Bugzilla – Bug 231205
Freeze very early in boot process with SMP
Last modified: 2007-03-05 18:06:05 UTC
This system can run SUSE 10.1's SMP kernel, but both the 10.2 installer and the installed 10.2 system hang very quickly at boot unless SMP is disabled using kernel parameter nosmp or maxcpus. The last line printed on the installed system's console before it hangs is "NET: Registered protocol family 2". When SMP is disabled, everything seems fine, and the next line is "IP route cache hash table entries: 32768 (order: 5, 131072 bytes)". I have tried the kernel of the day (2.6.18.5-SL102_BRANCH_20061223002647-default), and I have tried a number of other kernel parameters including acpi=off, apm=off, ide=nodma, pci=routeirq, edd=off, noapic, nolapic, init=/bin/sh... I have not found anything that lets the system boot without disabling SMP. There is no OOPS or PANIC or printed on screen or in any logs that I can find. In fact I'm pretty sure it freezes before anything is written to disk at all. I tried hooking up netconsole and got nothing at all, but I can't say for sure that it was configured correctly. I don't have the equipment to set up a serial console, but if that's necessary I could probably track it down.
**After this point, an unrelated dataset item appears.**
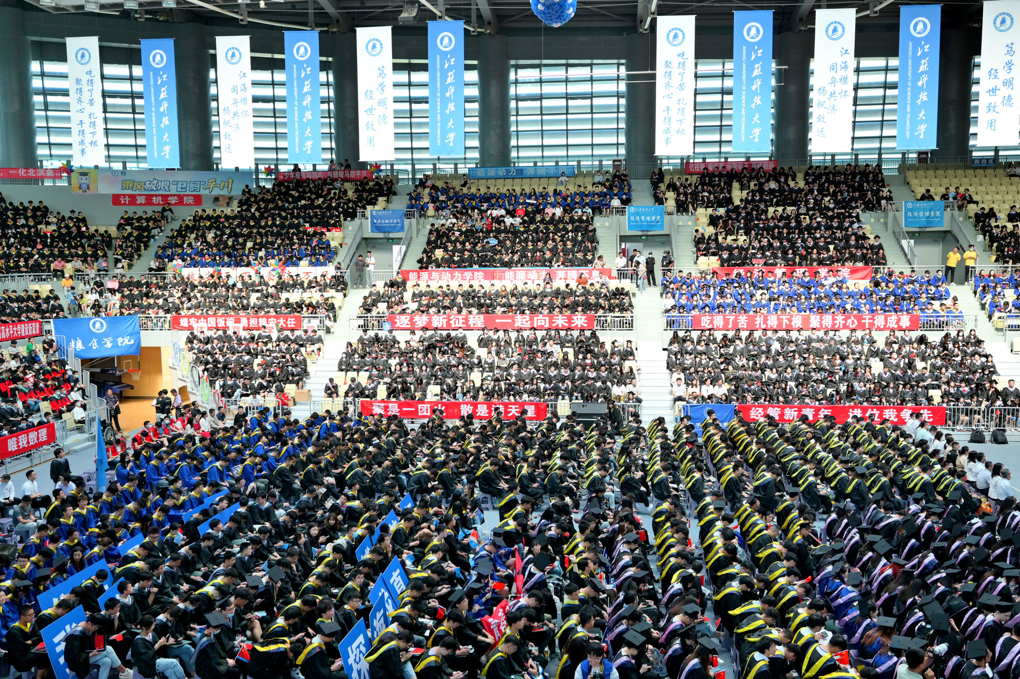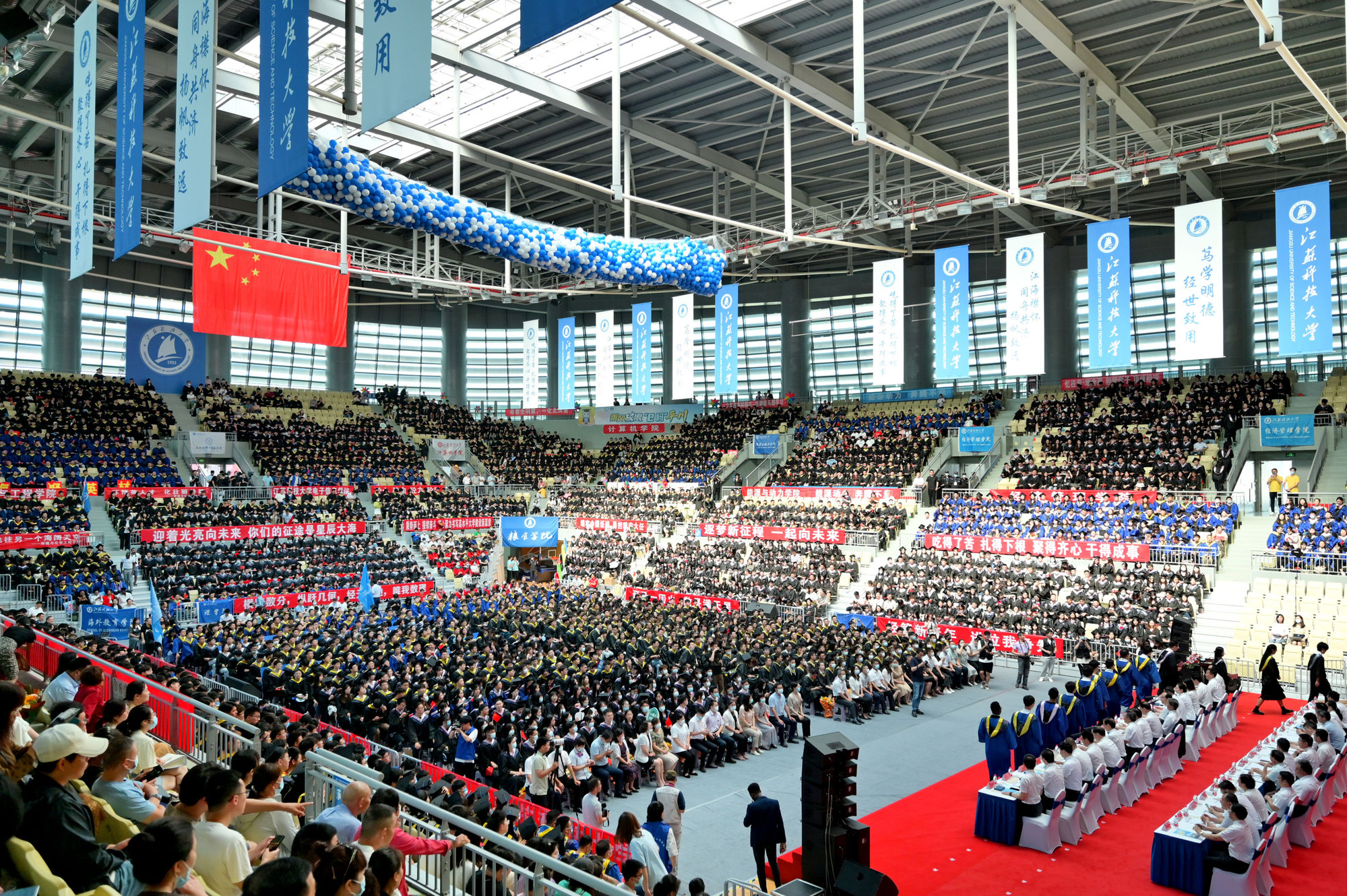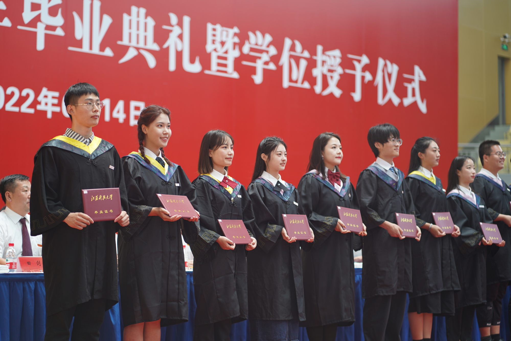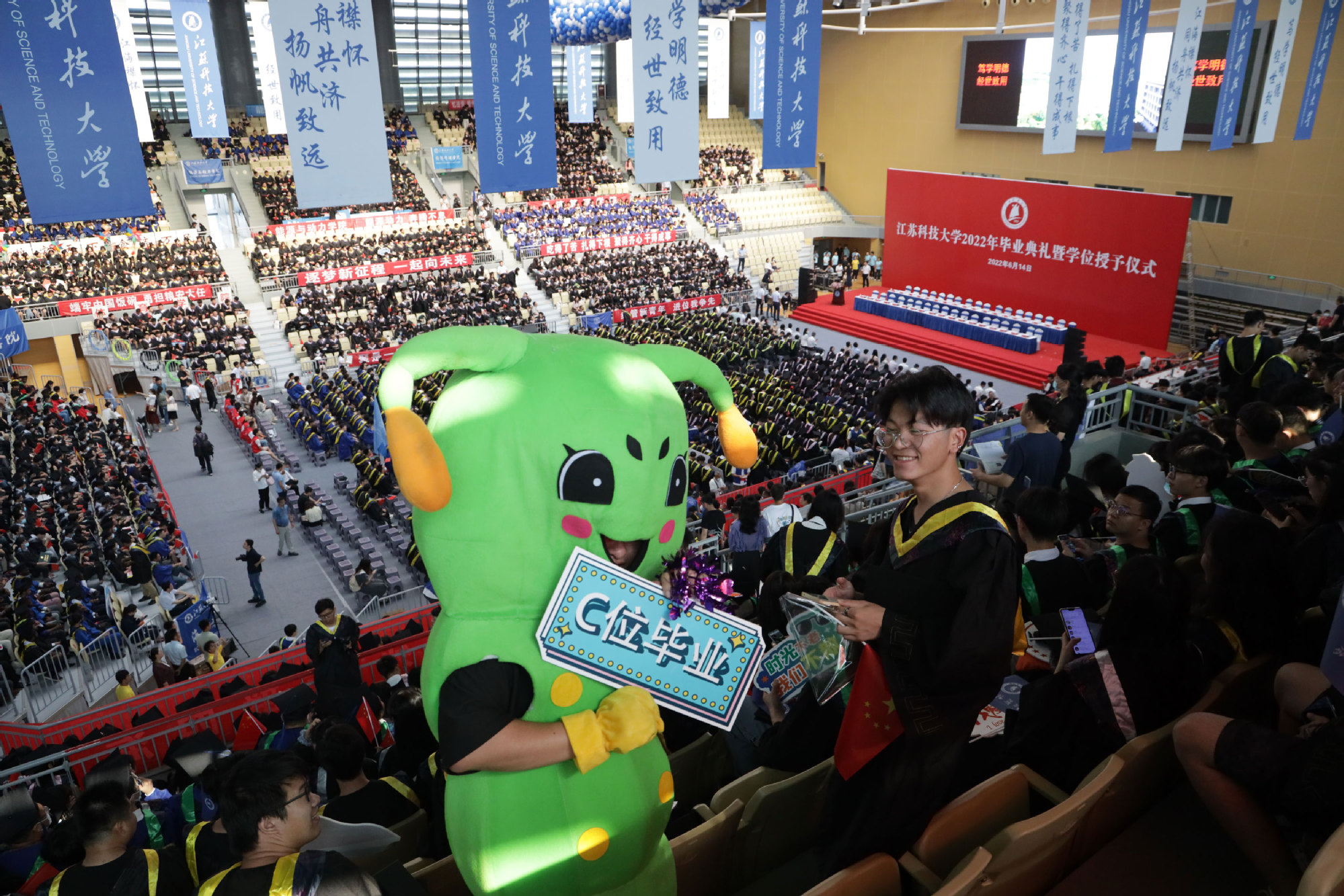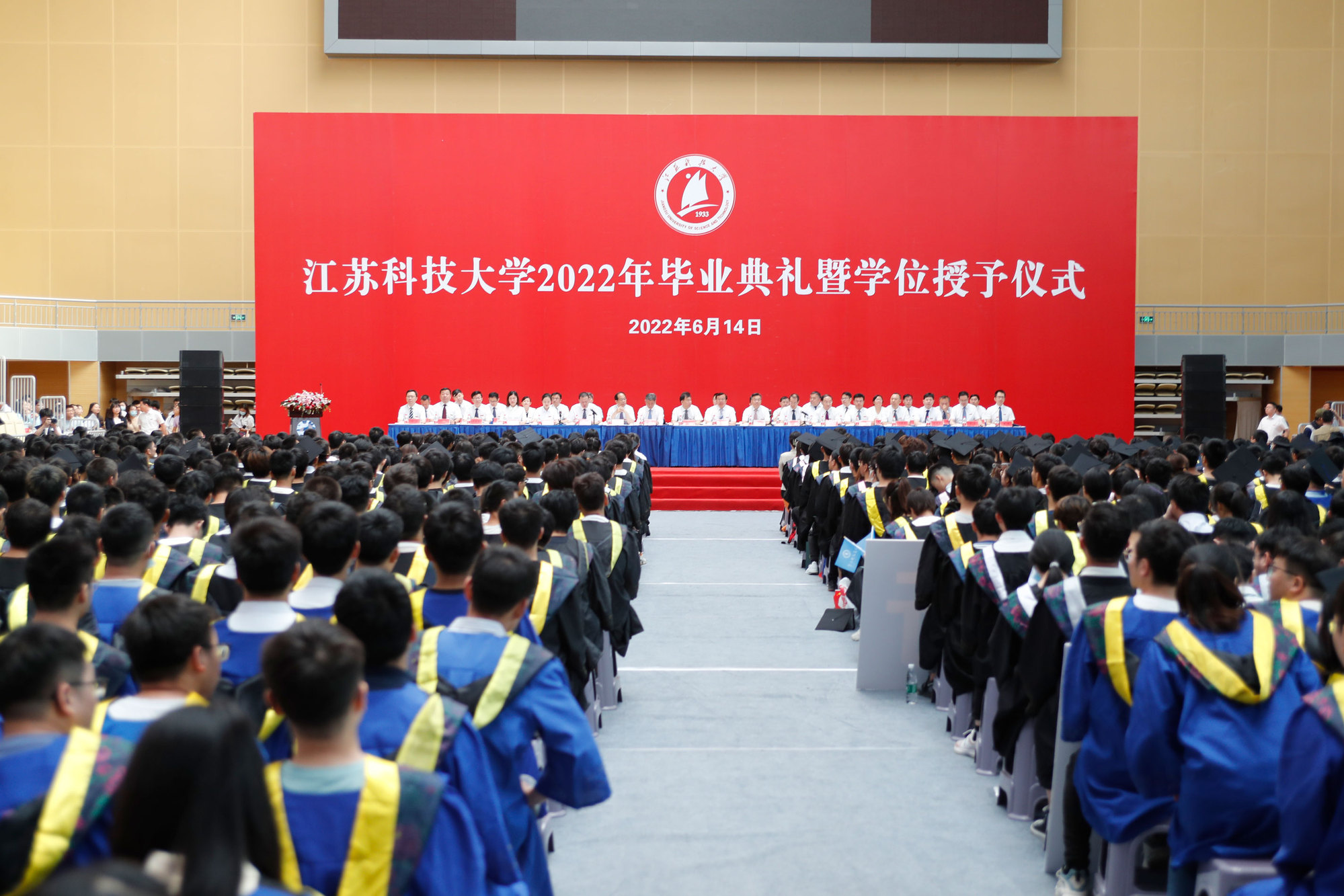 毕业典礼主会场设镇江大学城共享体育馆,张家港校区设置视频分会场。学校在官方微信视频号、B站、抖音、微博等平台开设直播,和同学们在线实时分享现场的喜悦与毕业收获。校党委书记葛世伦,校长周南平,qmh官网1990届校友、扬州中远海运重工有限公司总经理翟亚军,校领导景旭文、许俊华、王加友、郑培钢、任南,校党委常委李恒川、周春燕、刘新波,球盟会qmh网站学位委员会各位导师、2022届毕业生、全体辅导员和班主任,导师和教职工代表,家长代表、校友代表、用人单位代表,热情相聚与2022届毕业生深情话别。校党委常委、副校长俞孟蕻在张家港校区分会场出席典礼,张家港校区相关部门、部分教师、家长代表、毕业生465人参加了现场典礼,因疫情原因不能参加典礼现场的毕业生及家长通过线上的方式收看了毕业典礼直播,同步感受毕业典礼“仪式感”。

Created attachment 111231 [details] hwinfo output
After continued googling, I got a hunch that the "stack unwinder" could be the source of my troubles. Linus removed it altogether for 2.6.20-rc2. I just built a vanilla 2.6.20-rc3 kernel, and sure enough, it boots correctly (with nolapic). I will try to narrow down which kernel versions work and which don't. If my hunch is correct, that'll be an easy task.
To take my build process out of the equation, I verified that a custom build of the default SUSE kernel does in fact exhibit the freeze. Vanilla 2.6.19 boots. Maybe the unwinder fixes therein are enough to take care of it, or maybe it's something else entirely. I'll have more information tomorrow.
I built the default SUSE kernel (2.6.18.2-34) again, this time with CONFIG_UNWIND_INFO disabled, and it still froze up. I guess the unwinder is not the problem.
Vanilla 2.6.18.2 boots. Looks like one of the patches in -34 must be the culprit.
Yikes, there are many patches, can somebody give me a clue as to which ones might be suspect?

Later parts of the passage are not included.